===== DATASET EXTRACT =====

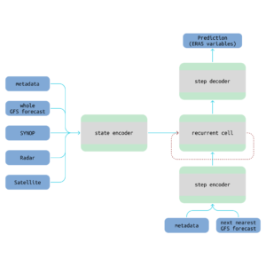 As the starting point, AIREN-NWP uses global forecast system (GFS) forecasts for the Central Europe area. These forecasts are issued four times daily at six-hour intervals, with a 0.25° spatial and three-hour temporal resolution. ERA5 reanalysis serves as the ground truth, matching the spatial resolution but providing hourly data. To achieve this one-hour output resolution, for each recurrent step, we combine the next nearest three-hour GFS forecast with metadata reflecting how far into the future the current prediction is. We currently focus on three target variables and predict them separately – accumulated precipitation (APCP), temperature 2m above the surface (TMP) and velocity of wind gusts (GUST).
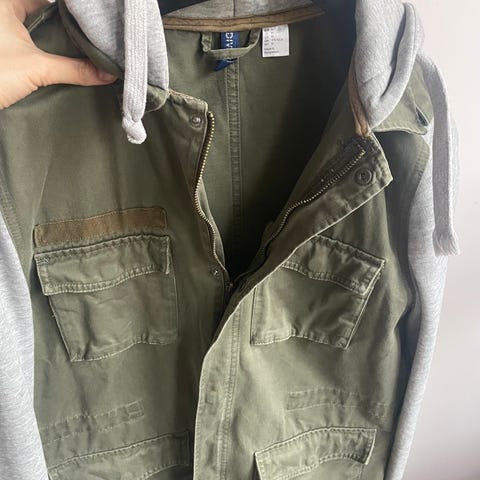 Ny jeansjacka Garcia, färg svart, vintage use. Tunnare täckjacka, Mads Nörgard, färg Olive night
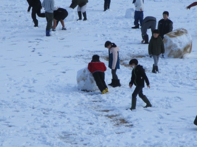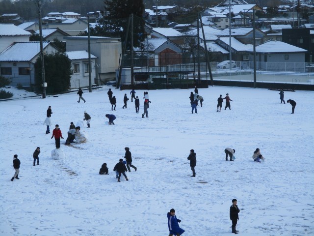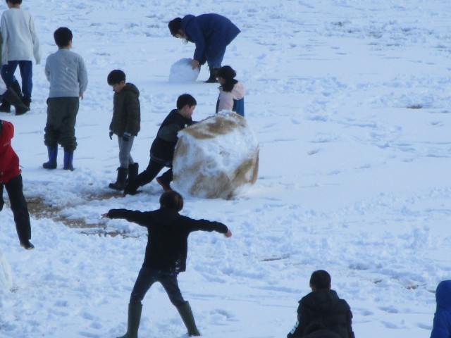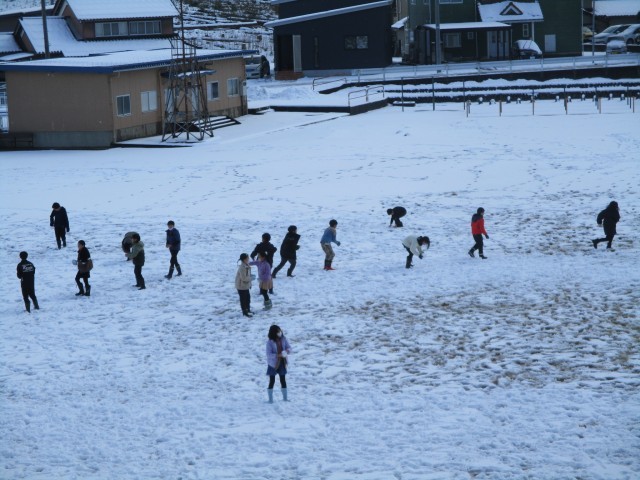 積雪は子供たちにとっては十分とは言えませんでしたが、昼休みにはこのように雪に触れる子がたくさんグラウンドに出てきました。
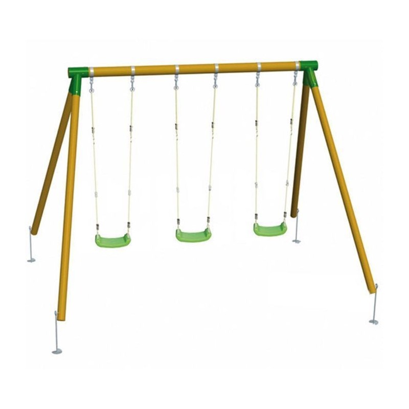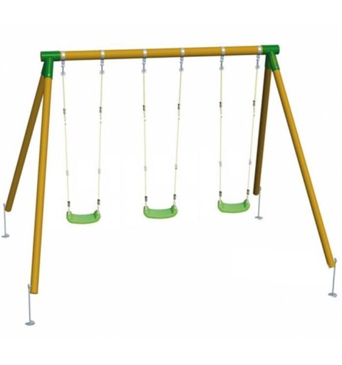 El columpio Etna triple de madera está equipado con tres asientos de plástico ajustables en altura y un sistema de anclaje para fijarlo al suelo del jardín.
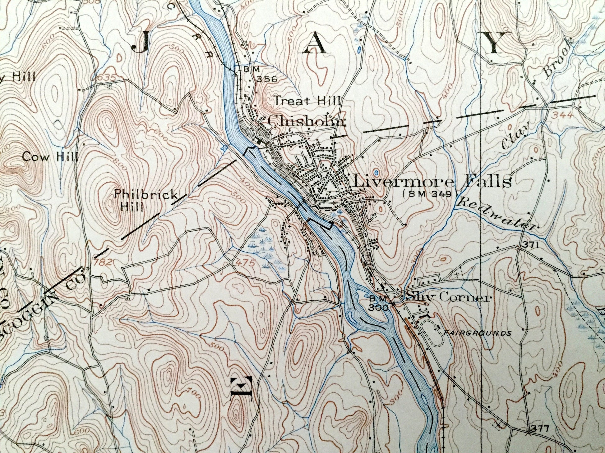 Antique Livermore Falls, Maine 1910 US Geological Survey Topographic Map – Androscoggin River & Lake, Wayne, Leeds, Fayette, Mount Vernon ME
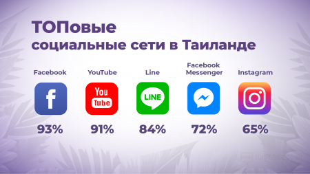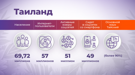 Количество активных аккаунтов в топовых социальных сетях в Таиланде на душу населения составляет 74% (51 млн. чел), в то время как средний мировой показатель составляет 45%.
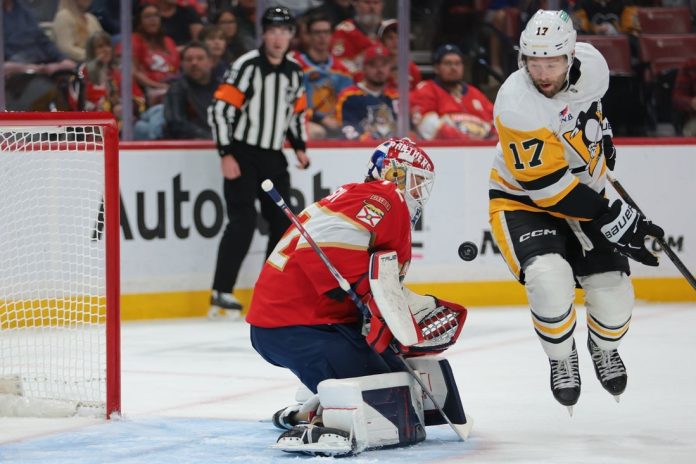 Pittsburgh made it 2-0 at 6:36 of the second after Karlsson’s initial shot from the point was stopped by Bobrovsky. This time, Rakell poked in the spinning puck before Bobrovsky could extend his right leg. Crosby earned a secondary assist.

=====

§ **REQUIRED WORK**
What you return should match the entries word for word, pictures aside.

§ **EXERCISE ANSWER**
 As the starting point, AIREN-NWP uses global forecast system (GFS) forecasts for the Central Europe area. These forecasts are issued four times daily at six-hour intervals, with a 0.25° spatial and three-hour temporal resolution. ERA5 reanalysis serves as the ground truth, matching the spatial resolution but providing hourly data. To achieve this one-hour output resolution, for each recurrent step, we combine the next nearest three-hour GFS forecast with metadata reflecting how far into the future the current prediction is. We currently focus on three target variables and predict them separately – accumulated precipitation (APCP), temperature 2m above the surface (TMP) and velocity of wind gusts (GUST).
 Ny jeansjacka Garcia, färg svart, vintage use. Tunnare täckjacka, Mads Nörgard, färg Olive night
 積雪は子供たちにとっては十分とは言えませんでしたが、昼休みにはこのように雪に触れる子がたくさんグラウンドに出てきました。
 El columpio Etna triple de madera está equipado con tres asientos de plástico ajustables en altura y un sistema de anclaje para fijarlo al suelo del jardín.
 Antique Livermore Falls, Maine 1910 US Geological Survey Topographic Map – Androscoggin River & Lake, Wayne, Leeds, Fayette, Mount Vernon ME
 Количество активных аккаунтов в топовых социальных сетях в Таиланде на душу населения составляет 74% (51 млн. чел), в то время как средний мировой показатель составляет 45%.
 Pittsburgh made it 2-0 at 6:36 of the second after Karlsson’s initial shot from the point was stopped by Bobrovsky. This time, Rakell poked in the spinning puck before Bobrovsky could extend his right leg. Crosby earned a secondary assist.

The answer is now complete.